Want to get close 15 Days Shanghai weather data , And draw a line chart , Reptilian xpath
and re
To solve the needs of data acquisition ,pylab
To solve the need of drawing line chart .
️ Tips : Reptiles cannot be used as illegal activities , Set the sleep time when crawling , Do not over crawl , Causing server downtime , Be legally liable !!!
The goal is to acquire the city of Shanghai 15 High and low temperature data of the day , And draw a line chart
️ The data is rendered in server mode , The weather temperature data is directly in html Package in the page , You can use xpath perhaps re Locate and obtain data .
however 7 Within days and 8-15 There are two different pages of day data , So you need to crawl the data twice
import requests
from lxml import etree
from pylab import * # Support Chinese
# Set up crawling website url
base_url = "http://www.weather.com.cn/weather/101020100.shtml"
# requests Crawl code
resp = requests.get(url=base_url)
# XPATH analysis
html = etree.HTML(resp.text)
# Get the weather li, stay li It contains all the daily weather data , Include date / The weather / The temperature / Cities and so on
lis = html.xpath('//*[@id="7d"]/ul/li')
# Date of creation 、 The highest temperature 、 An array of lowest temperatures , In order to add the crawled data to the array later , Furthermore, the array is further used as plot Draw a line chart
days = []
lows = []
highs = []
# Yes 7 The weather is li Traversal , To get high and low temperatures and dates
for li in lis:
print(" Crawling closer 7 God ···")
# obtain 7 It's hot
high = li.xpath("./p[2]/span/text()")[0]
# obtain 7 Day low temperature
low = li.xpath("./p[2]/i/text()")[0][0:2]
# obtain 7 Day date
day = li.xpath("./h1/text()")[0][0:2]
# hold 7 Day date 、 The high temperature 、 Add low temperature to the array
days.append(day)
lows.append((int)(low))
highs.append((int)(high))
# Set dormancy 1 second
time.sleep(1)
# Set up 8-15 Days of url
base_url = "http://www.weather.com.cn/weather15d/101020100.shtml"

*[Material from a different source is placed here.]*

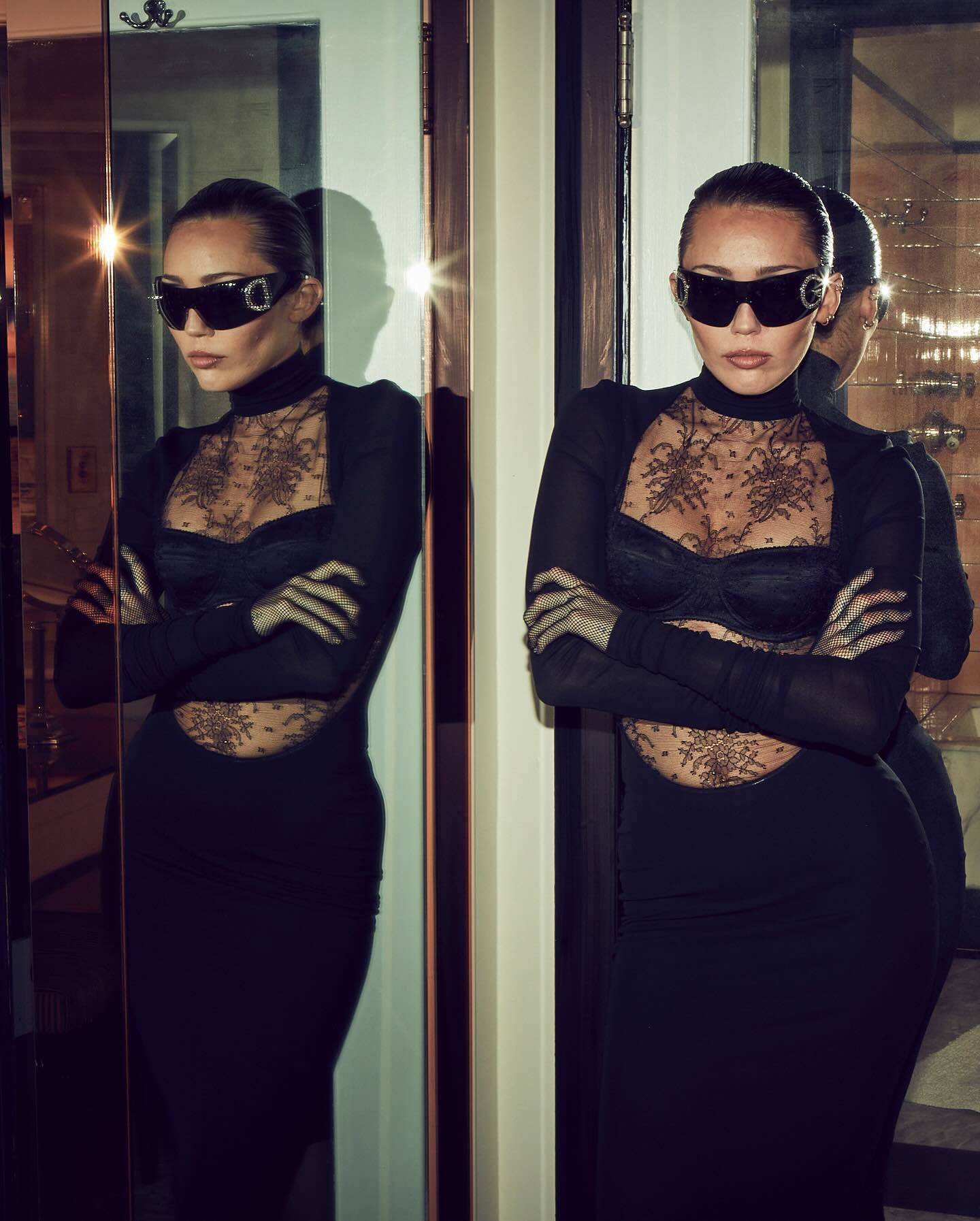Les images, montrent Cyrus dans une variété de looks, allant du glamour au rock. Dans les clichés, Cyrus apparaît dans des robes de soirée scintillantes, des tenues décontractées et des looks beauté simples et élégants. Elle est également coiffée de cheveux courts et noirs, qui lui donnent un air rock and roll. Cyrus, 29 ans, est une chanteuse américaine qui a connu un succès international avec son single "Can't Be Tamed" en 2010. Elle est également connue pour son style audacieux et son sens de la mode.

# requests To climb 8-15 Day page code
resp = requests.get(url=base_url)
# Set encoding
resp.encoding = 'utf-8'
# XPATH analysis
html = etree.HTML(resp.text)
# Get 8-15 The daily weather in Tianyuan code li
lis = html.xpath('//*[@id="15d"]/ul/li')
# Yes 8-15 Days of the weather li Traversal , To get high and low temperatures and dates
for li in lis:
print(" Crawling closer 8-15 God ···")
# obtain 8-15 It's hot
high = li.xpath("./span[@class='tem']/em/text()")[0][:2]
# obtain 8-15 Day low temperature
low = li.xpath("./span[@class='tem']/text()")[0][1:3]
# obtain 8-15 Day date
day = li.xpath("./span[@class='time']/text()")[0][3:5]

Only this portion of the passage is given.